In an article published on July 1 in London’s “Financial Times” titled “Human Rights, American Wrongs,” Kenneth Roth, head of Human Rights Watch, argued that “unless Europe acts decisively, the cause of international justice will be imperiled,” as the exemption demanded would undermine the court’s universality and “severely damage its credibility.” Roth accused the Bush administration of “breathtaking arrogance,” hoping that the EU, which “has adopted a legally binding common position to defend the letter and spirit of the court's treaty,” will cave in to Washington’s “bluster and threats.”

In the “Frankfurter Allgemeine Zeitung” of June 28, journalist Reinhard Muller struck a gentle tone, noting that “the ICC only has the power that signatory countries give it. It is often precisely in the national interest of a state to agree by treaty to maintain certain common values.” He reminded the Bush administration that “no state with serious plans to pursue criminal prosecution of war crimes need fear undue influence from the International Criminal Court. Selective prosecution of perpetrators of universally recognized crimes also runs counter to a fundamental American principle: equality before the law.”
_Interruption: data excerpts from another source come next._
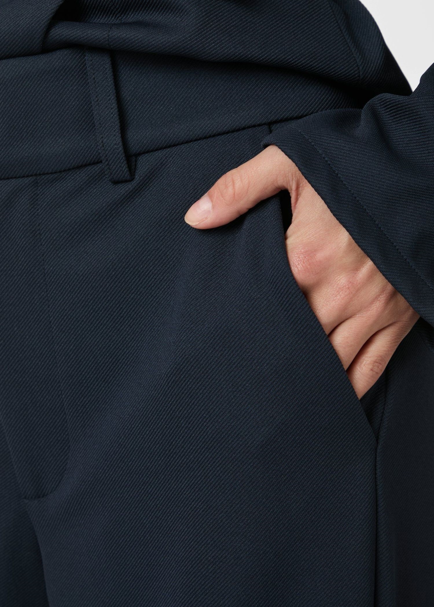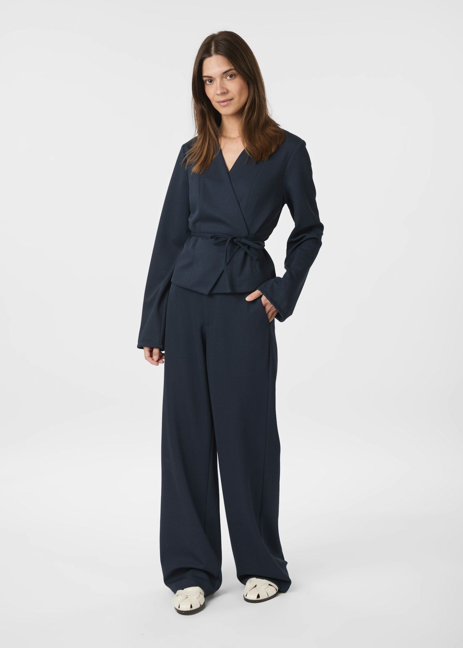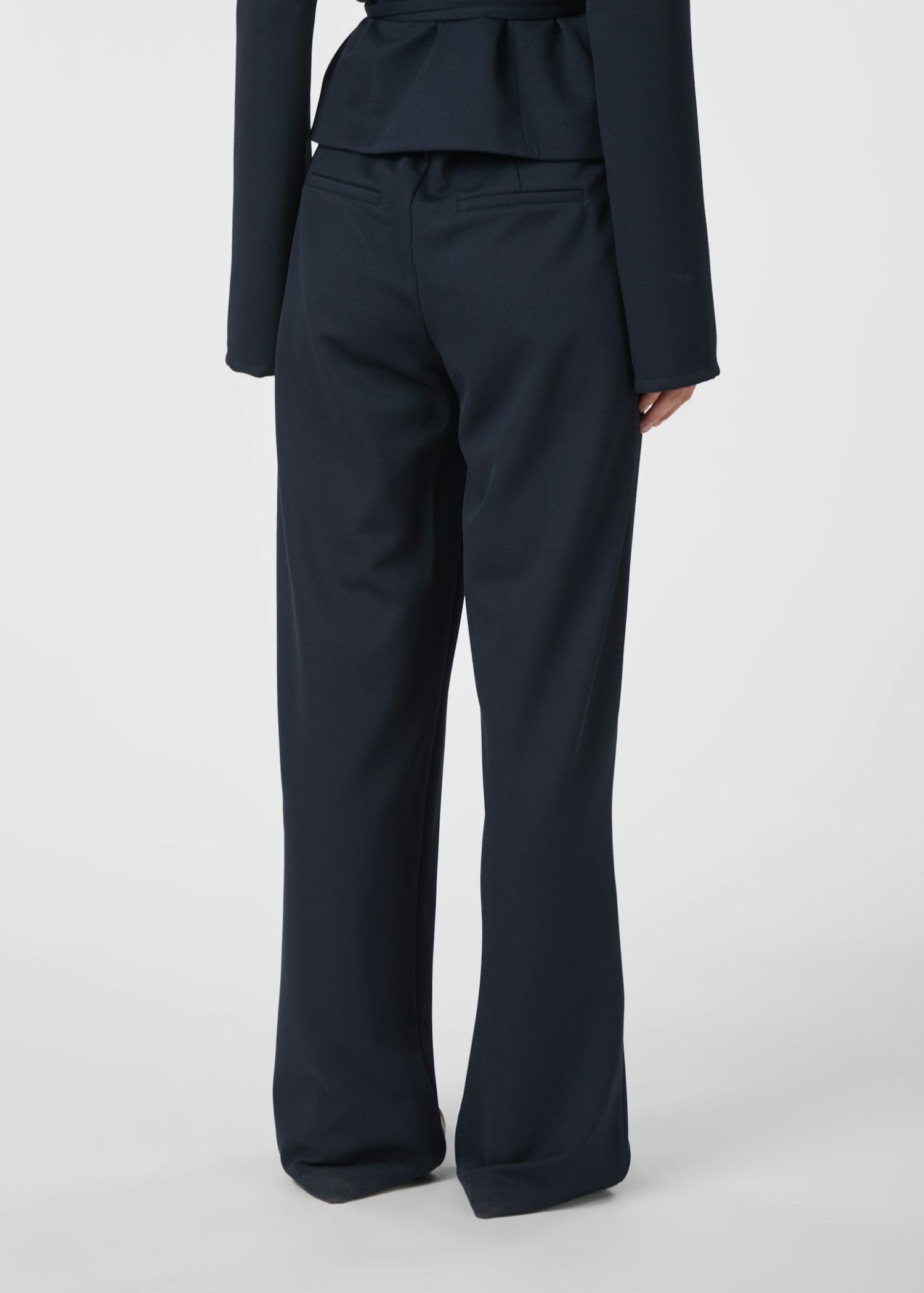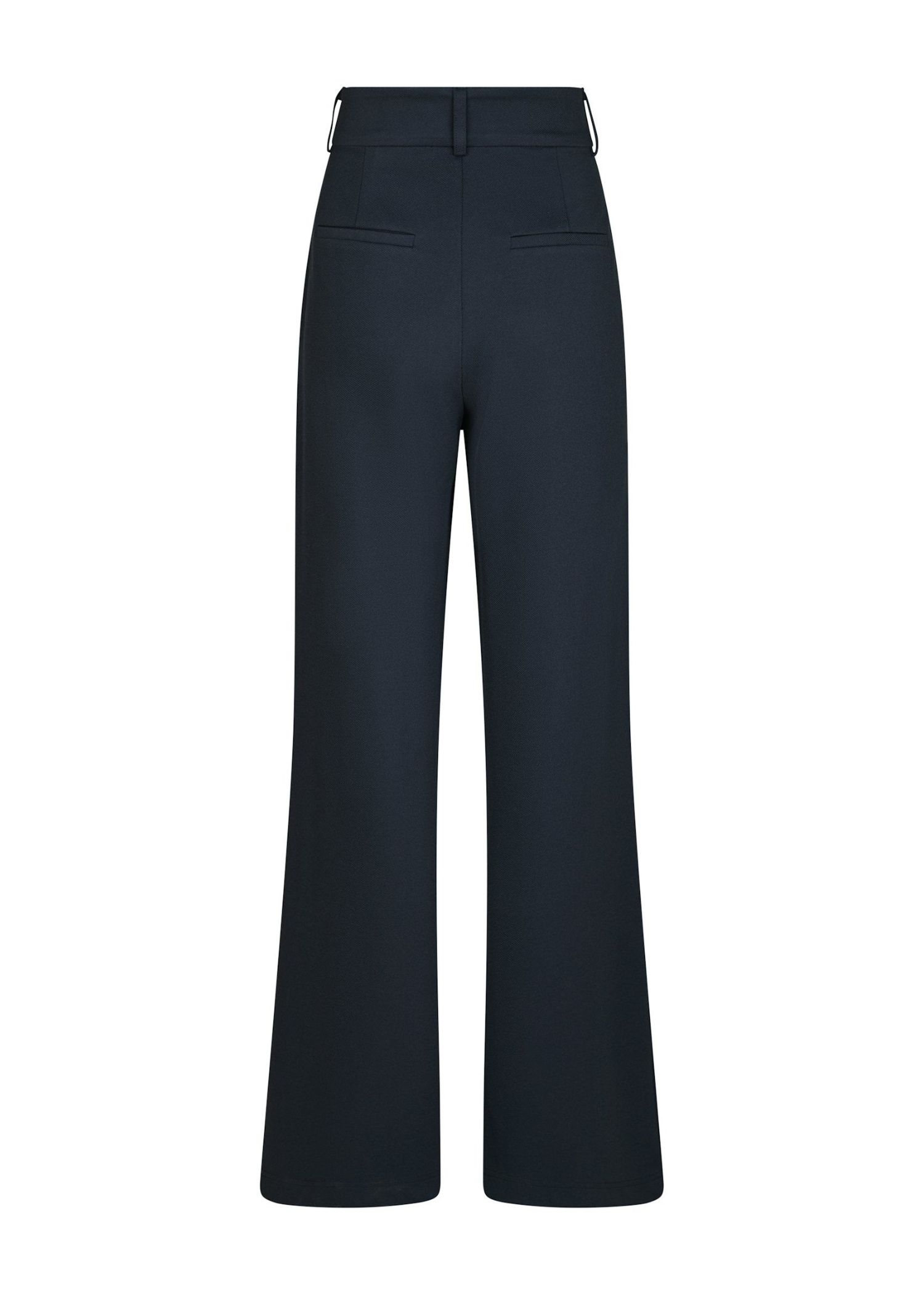 Navy buks fra Neo Noir i en kraftig polyester kvalitet med stretch. Buksen har lige løse ben, fast linning med skjult hægte/knap/lynlåslukning med bæltestropper, paspolerede baglommer, samt lommer i siden.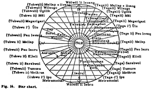 The ethnographer Burrows produced a star chart showing the rising (tagali) and setting (tubuwuli) positions of various Ifalik navigation stars <see figure, after Burrows and Spiro 1953:[2] fig. 16> with the aid of a native informant, "Tom", as follows: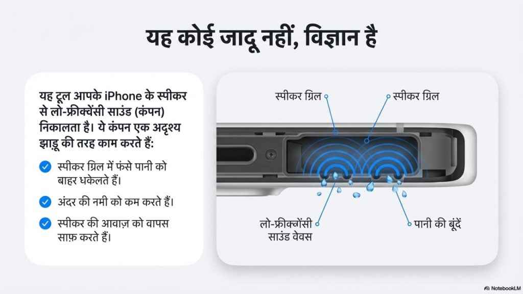 ये एक ऐसा टूल है जो आपके iPhone के स्पीकर से लो-फ्रीक्वेंसी साउंड (वाइब्रेशन) निकालता है। ये कंपन स्पीकर ग्रिल में फंसे पानी को बाहर धकेलते हैं, अंदर की नमी को कम करते हैं, स्पीकर की आवाज़ वापस ठीक करने में मदद करते हैं आदि।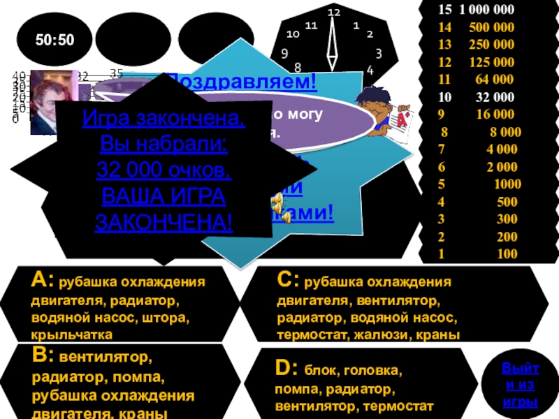 B: вентилятор, радиатор, помпа, рубашка охлаждения двигателя, краны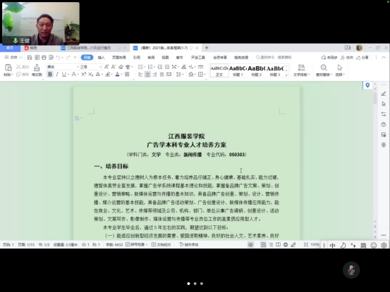 【SUNBET申博讯 蔡紫欣撰稿】为进一步深化公司产品改革,完善应用型人才培养体系,助推应用型人才培养模式的改革与创新。公司于3月28日19:00召开了广告学专业人才培养方案线上汇报会,会议由广告教研室主任王健主持,公司经理邹晓春、副经理付凌云、党总支副书记马忠秋、经理助理陈家华、学工办主任王艳艳、英语教研室主任吴丽娜以及广告教研室全体教师参加会议。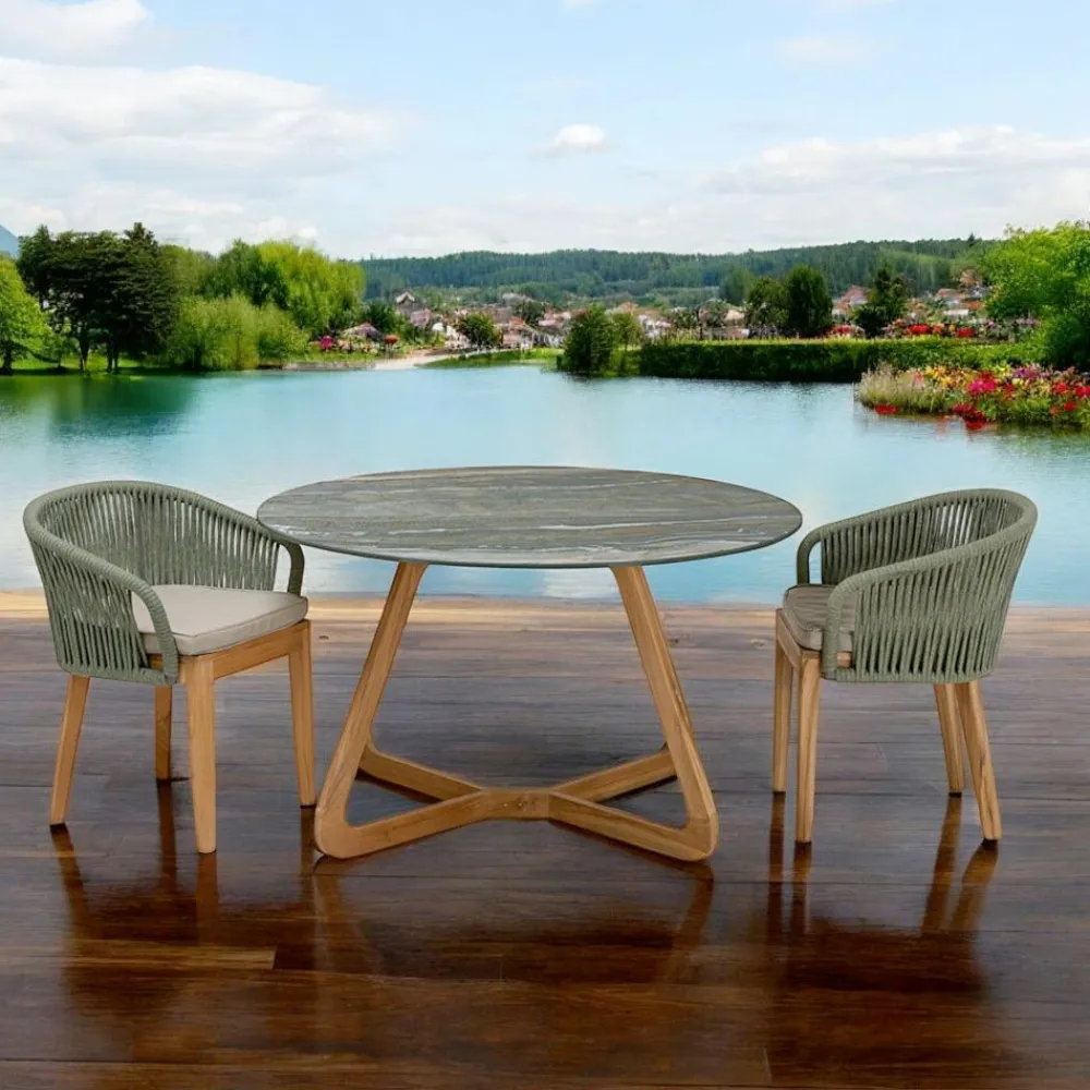 Hier ist ein Esstisch, der zeitlose Eleganz verkörpert, ideal für diejenigen, die einen Hauch von Klasse in den Indoor und Outdoor Raum bringen wollen. Der Tisch mit seiner runden Keramikplatte erinnert an die ruhigen Wellen eines Alpensees und bietet nicht nur eine praktische Oberfläche, sondern auch ein echtes Gesprächsthema. Der Holzsockel sorgt für tadellose Stabilität, kombiniert mit einer skulpturalen Form, die sich organisch und einladend in die Umgebung einfügt. Dieser Esstisch ist die perfekte Wahl für diejenigen Einrichtungsprofis, die Stücke suchen, die die Sprache von Made in Italy , handwerklicher Qualität und Dauerhaftigkeit sprechen. Perfekt für Umgebungen, die Gelassenheit und Gastfreundschaft ausstrahlen sollen, passt es sich mit Vielseitigkeit sowohl an ein einsames Frühstück am frühen Morgen als auch an ein festliches Bankett unter den Sternen an.
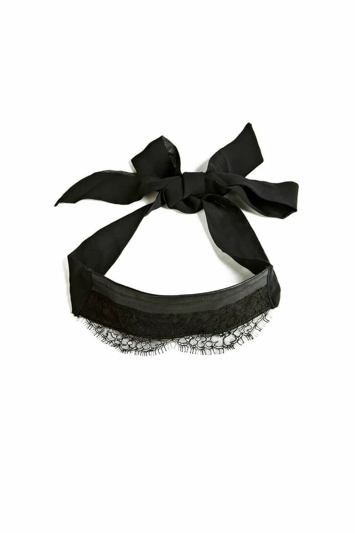 A divine hand-crafted leather and silk chiffon tie blindfold. Exquisitely detailed with French Chantilly lace.
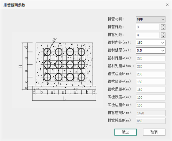 排管总宽L/总高H:排管截面根据上述参数计算出的总宽/总高,供用户参考,不可人工输入修改。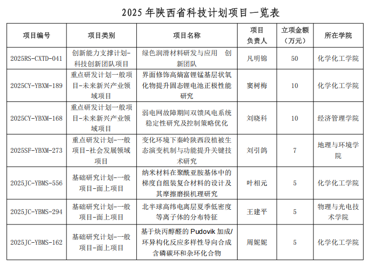 近日,陕西省科学技术厅公布了2025年度陕西省科技计划项目评审结果,万象城获批27项,立项总经费188万元。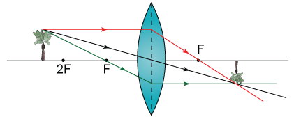 If the object is further from the lens than the principal focus it forms an - inverted - real image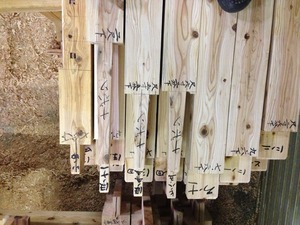 以前ブログで梁のボソ穴を刻んでいる様子をアップしましたよね?あのホゾ穴に3本ある重ボソの中で1番細い重ボソがあの梁に差さります。また現場で納まった状態をアップしますね~。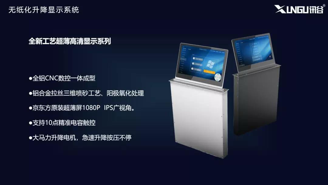 針對市場上無紙化升降存在的問題,訊谷升級生產工藝,打磨出全新高清超薄無紙化升降顯示器;得益于北京軟件研發團隊,創新性的在無紙化會議軟件中加入AI算法,讓訊谷無紙化軟件更加的高效智能。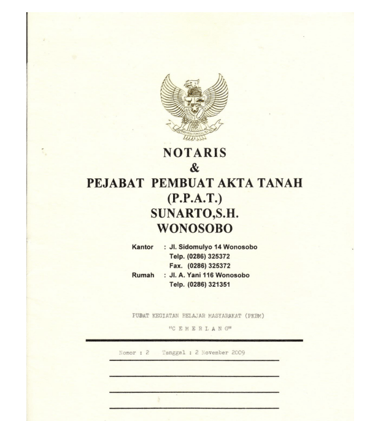 Akta Pendirian PKBM / Akta Notaris No 2 (02/11/2009) Notaris Sunarto SH. M. Hum

RUSSIAN COURT TO RETRY OFFICER FOR KILLING CHECHEN WOMAN. The coincidence would have been viewed as meaningful in Soviet times. As the Bush administration is asserting its views about justice in the international community, Dmitriy Kozak,deputy head of Russia’s Presidential Administration, assured a press conference on June 27 in St. Petersburg that the reform of the Russian justice system, ordered by President Vladimir Putin, is “on track" and will be completed this year. Then, on July 2, Russia’s justice took an unexpected step in a hotly debated case watched by those concerned with Russia’s unwillingness to hold its military accountable for crimes. The military judge, expected to announce a mild sentence for the highest-ranking Russian officer accused of committing a crime against a Chechen civilian, ordered a new psychiatric examination instead. The decision overturned the previous psychiatric examination, in May, which concluded that the officer, Col. Yuri Budanov, was suffering from shell shock and shrapnel wounds when he killed Elza Kungayeva, 18, on the night of March 26, 2000.

A day earlier, on July1, the Ministry of Defense announced its dismissal of the military prosecutor in the case, Col. Sergei Nazarov, "on account of his ill health." Nazarov’s argument was that Budanov was mentally disturbed at the time of the killing and should be prosecuted for “abuse of office,” a minor crime that would allow him to go free under an amnesty program for soldiers who had earned military honors. Nazarov’s replacement, Col. Vladimir Milovanov, agreed with the judge's decision to order a new psychiatric evaluation. According to Interfax, the new prosecutor also revised the case against Budanov who will now be tried on far more serious charges. If convicted of murder, he faces 20 years in jail.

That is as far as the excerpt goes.